Wendy D

Survivor

My world blew up on Wednesday, October 4, 2017. It was a happy day. My second grandchild was being delivered by C-section that morning. I was to get the nearly 4-year-old fed, dressed and on the school bus while his parents were at the hospital early. At 2:30PM that day I went to the school to pick him up and go to the hospital to meet his little brother.

At 5PM we were back at my place. I prepared supper for my husband and grandchild but didn’t feel hungry at all. I had severe pain in my lower right back – took some Tylenol and told my husband not to let me sleep longer than 30 minutes as I had to pack an overnight bag for staying over at my grandchild’s home. Half an hour later I was over taken by chills and tremors so violent I couldn’t walk.

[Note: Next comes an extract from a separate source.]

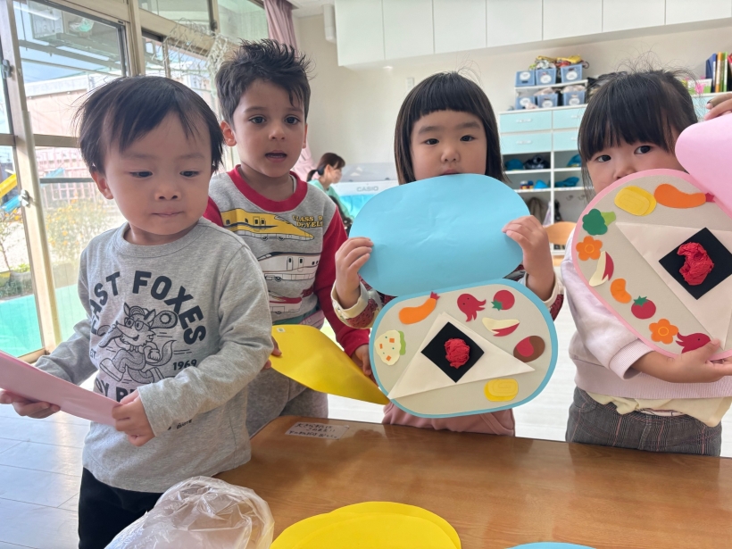 おにぎりはうさぎ組の子が自分で折り紙を半分に折っており、その上からおにぎりの具と海苔をつけています。

An aunt came for my grandchild as I could no longer care for him. I vomited once. By 10:30 that night I could walk to the bathroom but went right back to bed.

I felt a little better by morning. Still not hungry. I was unable to carry out my job as part-time live-out nanny for 2 children. I was sure I had a bug of some sort and was determined to ride this out. Turning in bed I was hit with terrible headache. I started to get constant nosebleeds. I thought I might be getting an old friend pneumonia, so I started on my inhalers. Friday things were no better. I have had joint replacements and need to take 4 antibiotic pills before each dental appointment. I happened to have 8 or 9 of the capsules. Should I take them?

On Friday, again I was hit with the massive tremors. For some reason my hip replacement joint was hurting badly on top of everything. Friday and Saturday were pretty much a blur. Sunday I decided I would take the dental antibiotics as if it were a prescription – 3 a day spaced out. At noon Monday I was so sick I knew I couldn’t fix this. I called an ambulance. Still not realizing how sick I was, I told the dispatcher she didn’t need to have the sirens going. That I was OK except I couldn’t sit up or I would get my husband to drive me.

The first I realized there definitely was a problem was when in the ambulance the paramedic asked me if I had lilac coloured nail polish on. I said no. Once at the hospital things moved very fast. But to me it felt like slow motion. I began to slur my words. I couldn’t remember some things. Everything I looked at flashed – pictures, lights, air vents on the ceiling, the screen on my phone. Plain items like privacy curtains and walls had colourful waterfalls and designs that constantly moved.

I was held in a room in Emerg from Monday afternoon Oct 9th to Wednesday Oct 11 when I was sent for surgery. At this point it was certain I had a kidney stone, pneumonia, my liver was shot, I had a “small” heart attack and I had renal failure. I don’t remember much from Monday to Wednesday. On Wednesday I received a ureter stent. I was getting super duper antibiotics by IV from the moment I arrived. On Thursday I started to actually feel better. Doctors kept telling me I almost didn’t make it. (Sepsis and Kidney Stones, Sepsis and Pneumonia)

I had never heard ofsSepsis before. In 65 years not once had I heard this term. I continued to make progress and was sent home on Tuesday, Oct 17th. Once I got home I started to do research on the internet. How is it this horrible condition is so wide-spread but no one knows anything about it except those who make it??

Today, October 27, 2017, I continue to improve, bit by bit each day. Pictures don’t flash. Blank walls are once again blank walls without colourful moving designs. I can text again and make sense at the same time. My operative hip still hurts and this is a concern I might have to take further if it doesn’t feel better soon. The pneumonia is gone. My liver values are improving. There was no residual damage left after the “small heart attack” and for that I am very grateful. I have to have outpatient surgery next week to deal with the stent and the kidney stone if it is still there. I still find myself having to sleep a couple of hours a day. I feel the cold easily now.

I asked my doctor how I will know, in future, when to seek medical help. He said “In adults, any fever that can’t be explained by things like a cold or influenza should be investigated.” I know it was extremely irresponsible of me to think I could fix what was happening to me – I just didn’t want to bother the doctor for something that was just going to go away on its own in a couple of days. I came close to dying. I’ve learned my lesson. And I intend to get the word out there about sepsis.